У чувствительной девушки подкосились ноги от сильного потрясения, и она осела прямо ему в объятия. Я бросилась вырывать свою сестру из его вполне по-крестьянски сильных ручищ.
- И что тут происходит?
– спросил Семён, как нельзя вовремя подошедший к нашему дому.
- Сеня, - задыхаясь попросила Зика, - доведи меня, пожалуйста, до квартиры.
- "Сеня"?!
– ахнул Иван Афанасьевич. Но рук не разжал, потому что Зика на ногах по-прежнему не держалась.
- Чувствую, что моя жена что-то натворила, - спокойно сказал Семён.
– Здорово, Иван.
Он помнил молодого врача, потому что встречал его раньше, когда тот провожал Зику до дома.
- Ваша жена?
- Да. Тася, - резко ответил Семён, останавливая приступ ревности влюблённого в Зику человека.
- Нет, Тася не виновата, - тихо сказала Зика, сумев взять себя в руки.
– Отпустите меня, Иван Афанасьевич. Я с вами не пойду. Не пойду больше никуда.
- Да почему?
– он её отпустил, но пристально вглядывался в глаза в неярком свете газового фонаря.
Девушка покраснела, молча отвернулась и убежала в подъезд. Её поклонник бросил дефицитные билеты в снег, выругался сквозь зубы и пошёл прочь.
- И все же, Таська, маленькая ревнивица, - подозрительно сказал Семён, - это твоих рук дело.
Я не стала спорить с чекистом.
- Не знаю, что ты сделала, но ты неправа. Ты из ревности рассорила влюбленных людей. Это нехорошо.
- Не из ревности, - вспыхнула я.
– У вас свои принципы, у нас - свои. И их нельзя нарушать.
- Какие уж у нас принципы, - вздохнул Семён.

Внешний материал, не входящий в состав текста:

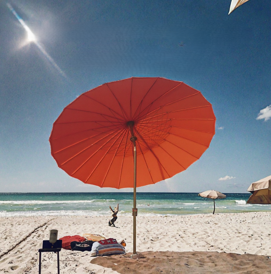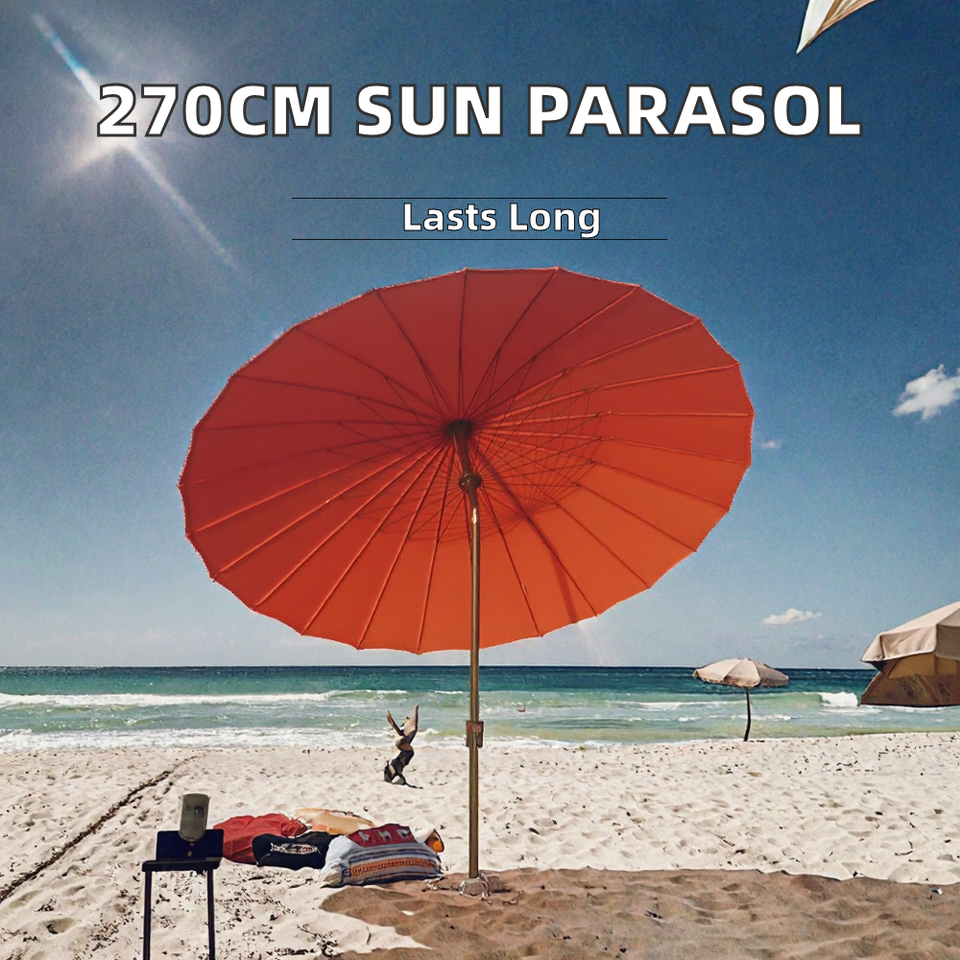 Sombrilla de Diseño Tradicional de Alta Calidad con Material de Fibra de Vidrio, 24 Varillas, Poste de Aluminio, Terraza, 9 Pies, Grande, para Exteriores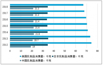 2012-2018年中國與日本、香港的地區(qū)人均乳制品消費量對比情況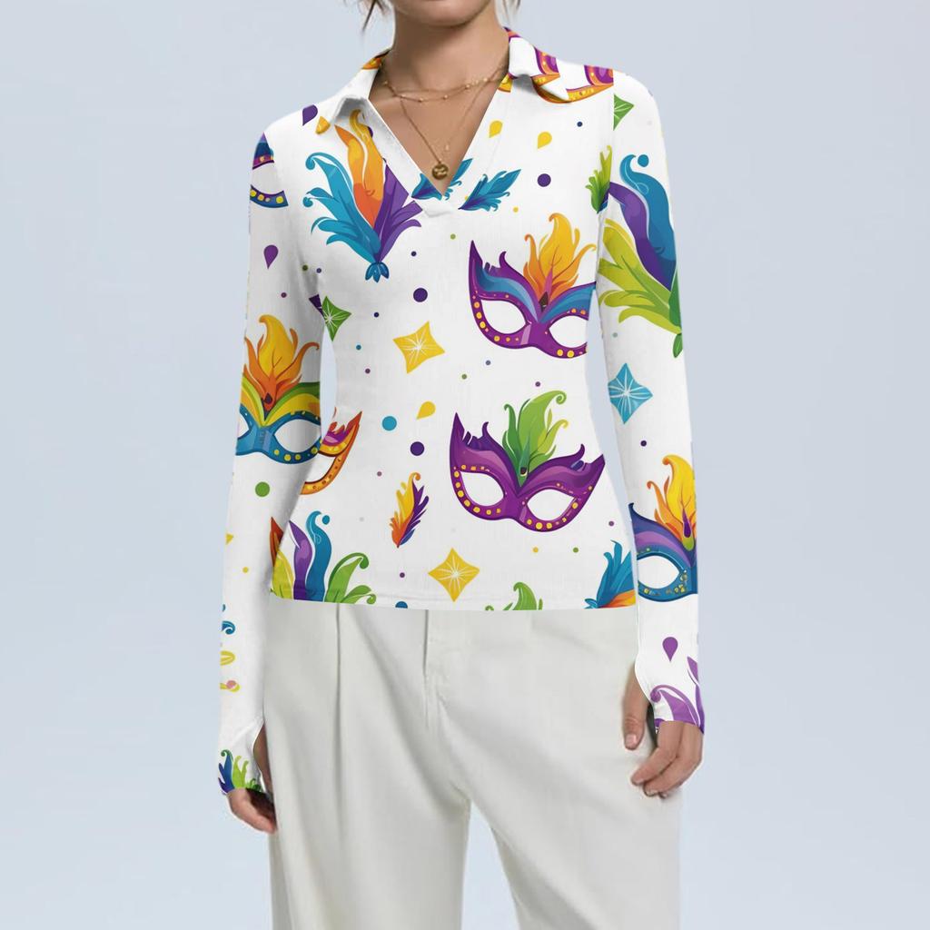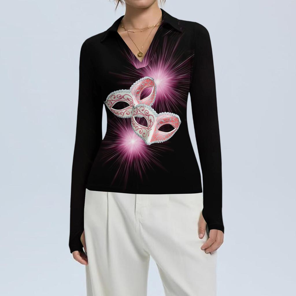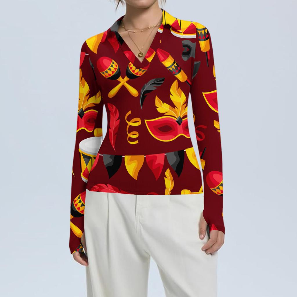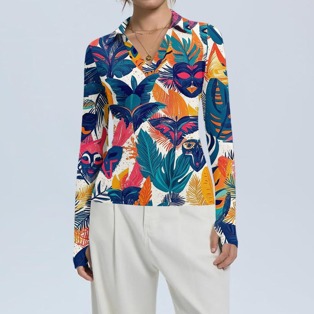Женская Мода Повседневный Принт V-образный Вырез Длинный Рукав Застежка на Пуговицы Топ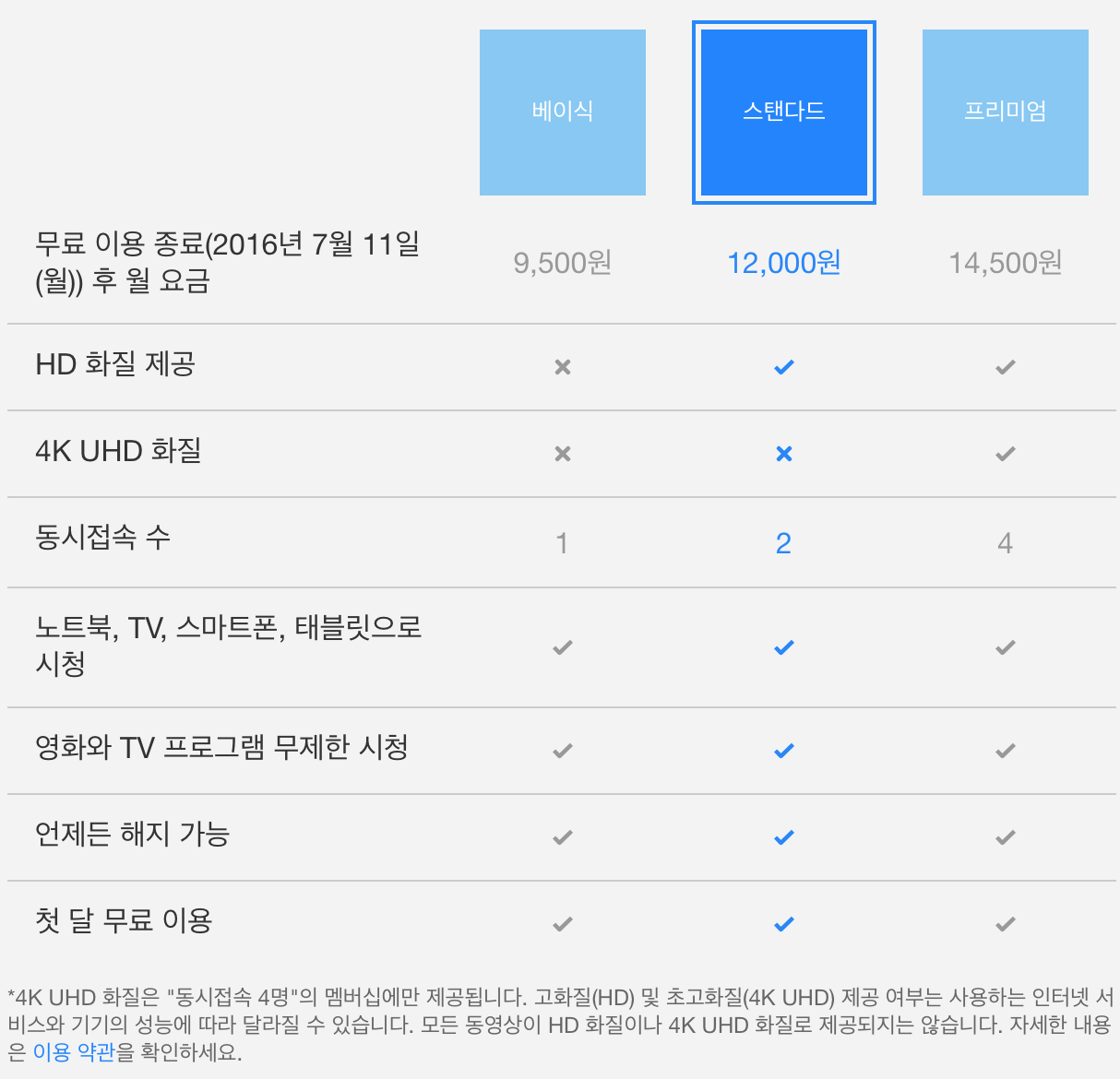 여기에 2,500원을 더한 12,000원의 스탠다드 옵션을 선택해야만 비로소 HD 화질이 제공된다. 또한 2명이 동시에 시청할 수도 있다. 그러나 여전히 4K UHD 화질은 지원되지 않는다.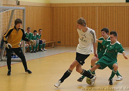 Bei der Endrunde in Basdorf wurde die Spielgemeinschaft Lok/Motor am Ende Zweiter. Die Fünferrunde 'Jeder gegen Jeden' begann man gegen Ahrensfelde von Beginn an hoch überlegen. Das 5:0 stand schon nach der Hälfte der zwölf minütigen Spielzeit. Philip Heinrich schoss alleine vier Treffer. Im zweiten Spiel war es wesentlich schwerer, denn Zepernick ging mit dem ersten Angriff in Führung. Danach tat man sich schwer ans Tor ran zu kommen. Erst ein Doppelschlag stellte die Weichen für den Herbstmeister. Obwohl man danach genug Gelegenheiten hatte den Sack zuzumachen, wurde die Führung kurz vor Schluss unnötig vertendelt und man kassierte noch den Ausgleich. Der liegen gelassene Punkt setzte da Team gegen Werneuchen unter Zugzwang. Zumal man Alexandros Veznikas und Phlip Heinrich verletzungsbedingt ersetzen musste. Dennoch zeigte man sich in diesem Spiel souverän und gewann 4:1. So lief es am Ende auf das zu erwartende Endspiel gegen Bernau heraus, in dem man gewinnen musste, dem Gegner reichte ein Remis. Entsprechend druckvoll wurde begonnen und es gelang die schnelle Führung. Nachlässigkeiten in der Defensive waren jedoch gegen die spielerisch ebenbürtigen Bernauer nicht zu übersehen. Nach einigen Glanzparaden musste Torwart Eddy Fischer doch zwei Gegentore hinnehmen. In den letzten Minuten stürmte man dann mit vollem Risiko nach vorne. Kenny Ladewig scheiterte jedoch in der letzten Minute noch am Innenpfosten. Den Gegenzug konnte Bernau mit dem dritten Tor zur Entscheidung nutzen.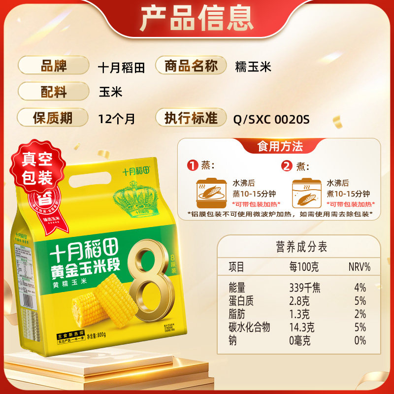 十月稻田黄金玉米段800g黄糯玉米东北黏糯玉米低脂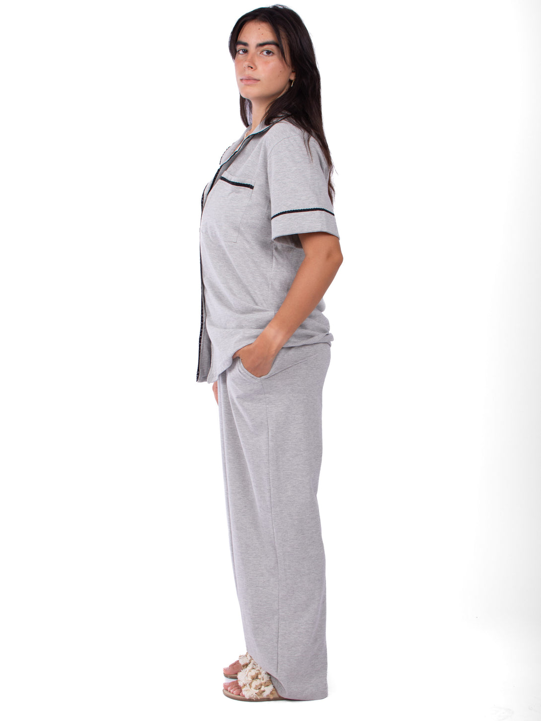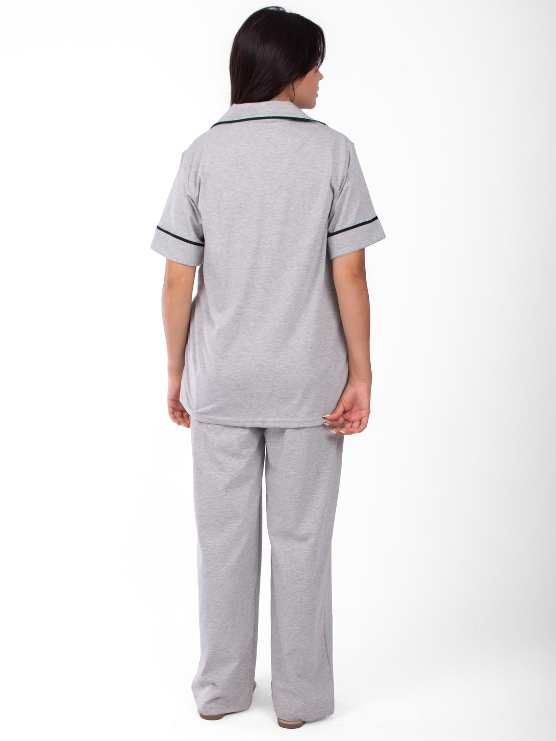 Pyjama Set, a Shirt with V-neckline and buttons down the front, chest pocket. Bottoms with an elasticated waist and straight legs.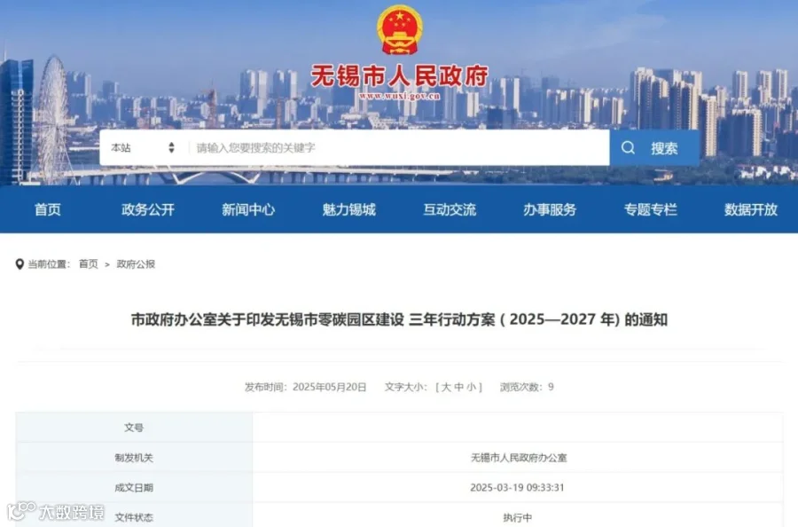 5月20日,江苏省无锡市政府办公室印发《无锡市零碳园区建设三年行动方案(2025—2027年)》 ,明确提出要通过实施能源结构优化、节能降碳改造、智慧能源管理等措施,打造一批具有示范引领作用的零碳园区。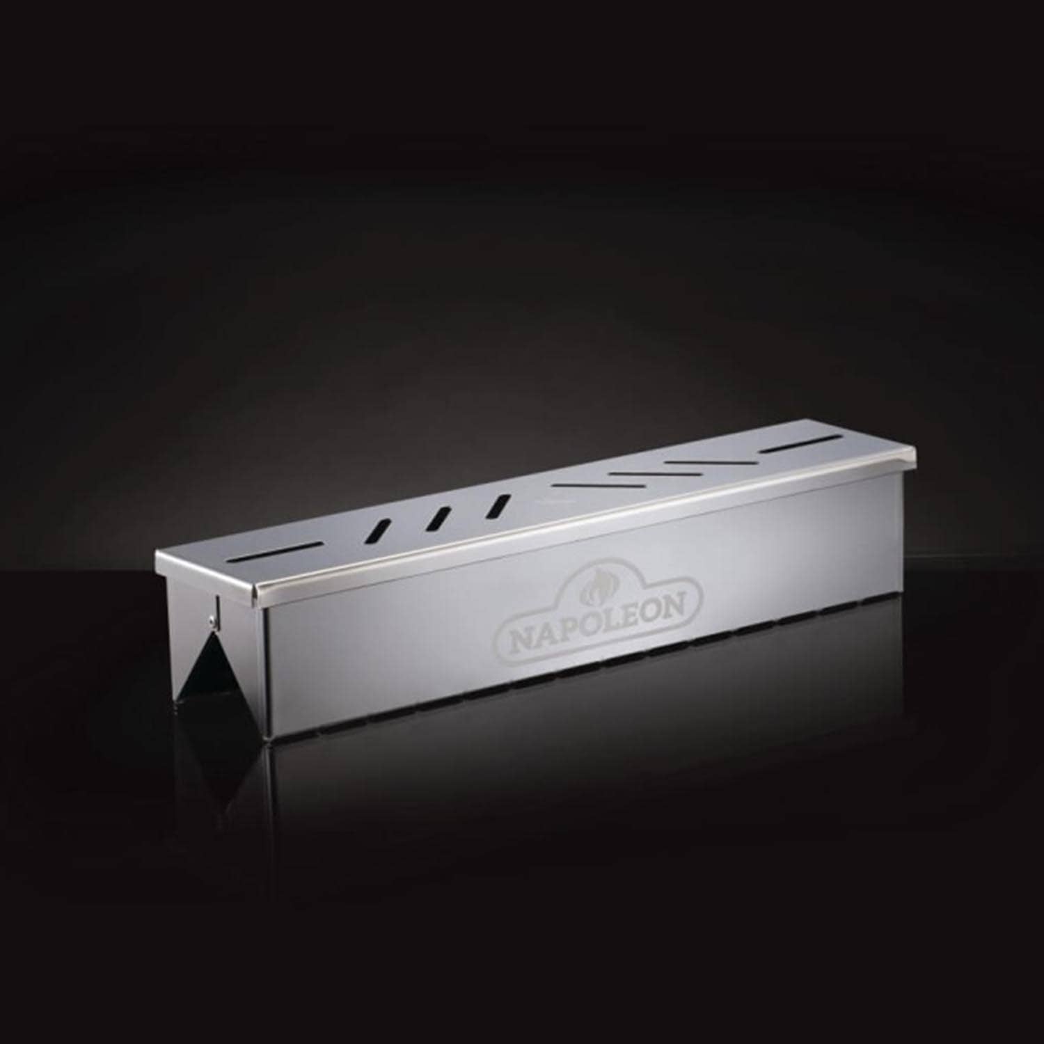 Realizzato in resistente acciaio inossidabile, questo affumicatore sostituisce le piastre di calore del barbecue direttamente sopra un bruciatore acceso. Per utilizzarlo, rimuovi le griglie di cottura e una piastra di calore; posiziona quindi il Napoleon Affumicatore per serie PRO-ROUGE sui supporti delle piastre. Riempi la scatola ad alta capacità con i tuoi trucioli o pezzi di legno preferiti e chiudi il coperchio. Riposiziona le griglie e accendi il bruciatore sottostante al minimo. Il legno inizierà a bruciare lentamente producendo fumo. Per ottenere i migliori risultati e quel delizioso aroma affumicato, il cibo deve rimanere sul barbecue per almeno 20 minuti.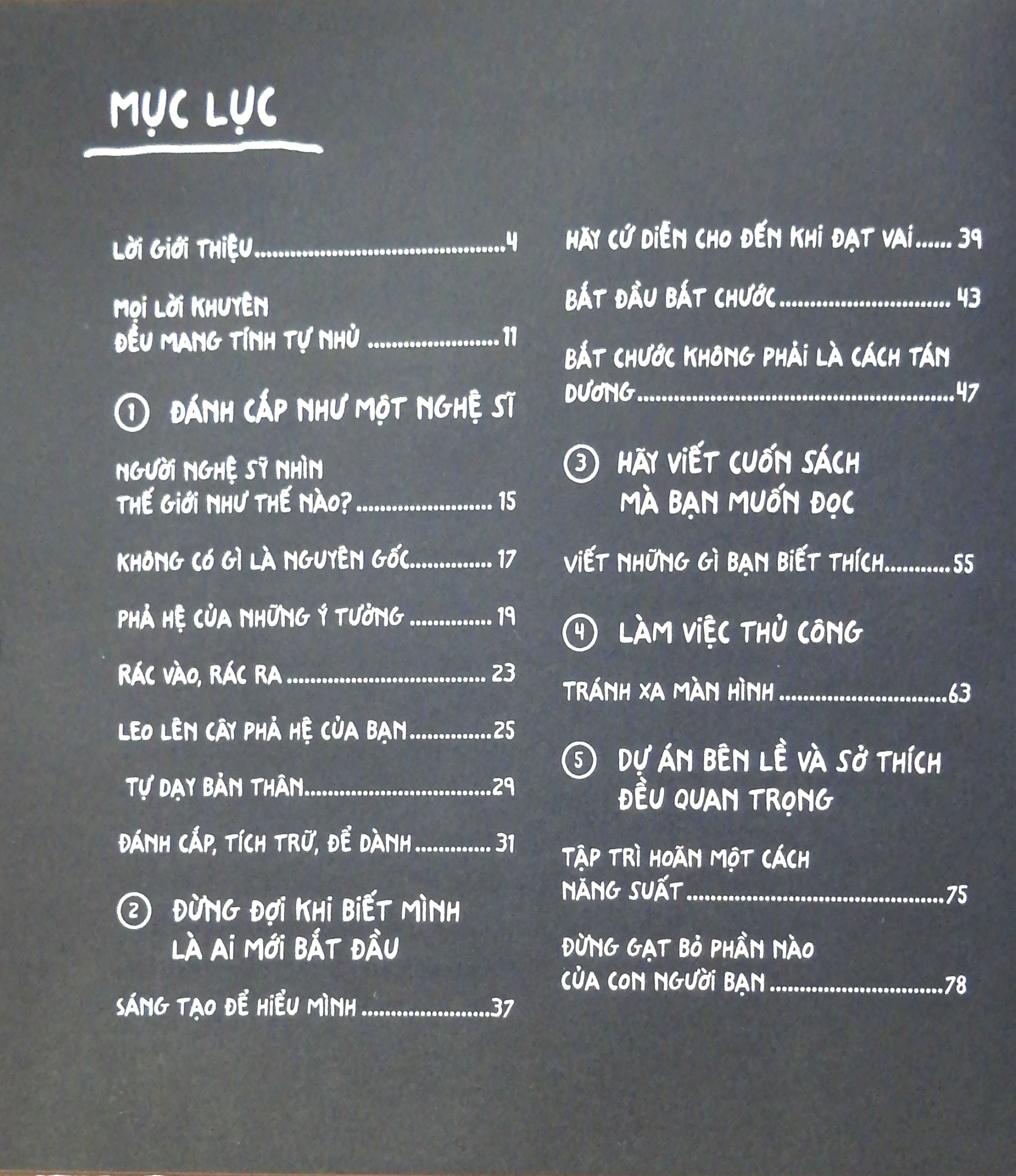 Sách của tác giả Austin Kleon. Ông là nhà văn, và nghệ sĩ sống tại Austin, Texas, là tác giả của 3 cuốn sách bán chạy trên New York Times : Nghệ thuật « đánh cắp » ý tưởng ; Nghệ thuật PR bản thân ; Cứ làm đi và Newspaper Blackout.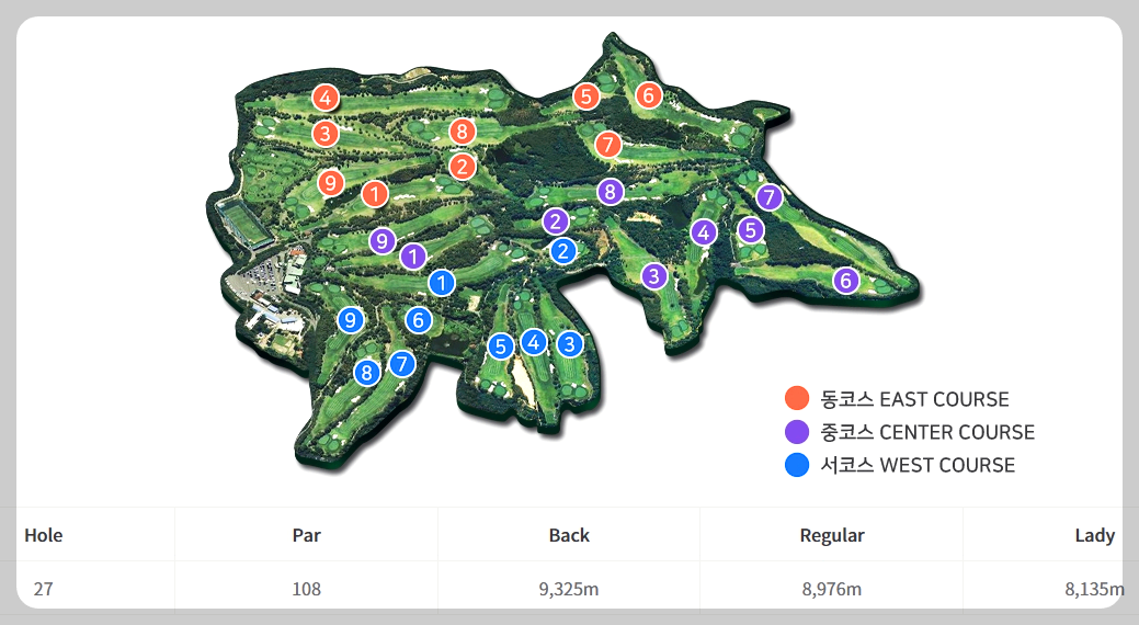 | 홀 수 | 회원제 27홀 (동코스, 중코스, 서코스) |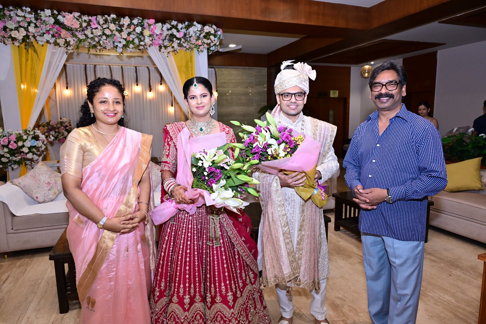 मुख्यमंत्री श्री हेमन्त सोरेन अपनी धर्मपत्नी विधायक श्रीमती कल्पना सोरेन के साथ आज दीनदयाल नगर, बूटी रोड, रांची स्थित आईएएस क्लब पहुंचे। मुख्यमंत्री वहां उपायुक्त (DC), पूर्वी सिंहभूम, जमशेदपुर, श्री राजीव रंजन की सुपुत्री ऋचा के वैवाहिक समारोह में सम्मिलित हुए। इस अवसर पर मुख्यमंत्री ने नवदंपति वर-वधू को आशीर्वाद एवं सुखद दाम्पत्य जीवन की शुभकामनाएं दी। मौके पर मुख्यमंत्री श्री हेमन्त सोरेन एवं विधायक श्रीमती कल्पना सोरेन ने उपायुक्त श्री राजीव रंजन एवं उनके सगे-संबंधियों से मुलाकात कर उन्हें हार्दिक बधाई दी तथा हर्ष व्यक्त किया।

– Только не ври, что не ревнуешь. Мне со стороны заметнее. Батюшка ваш-то хоть знает?
Отец Владимир ничего не знал. Мы с Зикой постеснялись рассказать ему насчет Гаврилиады.
- Не знает? Ты не взяла благословение у своего духовного отца на важное дело?
– тоном демагога-профессионала вопросил Семён.
Его слова запали мне в душу. На свою самодеятельность я благословения не брала.
Отец Владимир, когда узнал от меня о произошедшем, огорчился.
- Ты не понимаешь, что поступила плохо?
Но я не понимала. Я помешала Зике предать Христа, полюбив кощунника-атеиста. Что же тут плохого?!
И тогда суровым голосом, которым батюшка никогда не говорил не только со мной, но и ни с кем на моей памяти, он сказал.
- Тебе нельзя причащаться, Татьяна. Изволь сначала понять, в чем согрешаешь перед Господом нашим.
Я с ужасом смотрела на своего всегда доброго, всепрощающего духовника. Он глядел не на меня, а на икону Спасителя.
- Властью, мне данной, я запрещаю тебе причащаться до принесения покаяния.
Так что последние дни того Рождественского поста мы проплакали с Зикой на пару. Только не обнявшись, как мы раньше это делали, а порознь.
А сразу после Крещения Иван Афанасьевич пришёл в наш Георгиевский храм и долго исповедовался отцу Владимиру. Только тогда я и поняла, что надо было рассказать о публичном чтении Гаврилиады не Зике, а моему батюшке. И если бы я не ревновала свою духовную сестру самым ослепляющим образом, я бы обязательно сначала с ним посоветовалась. Но к тому времени я уже считала, что люблю её больше всех. И понимаю лучше, чем даже о. Владимир. Гордость, Олечка, как видишь, делает человека недальновидным и жестоким.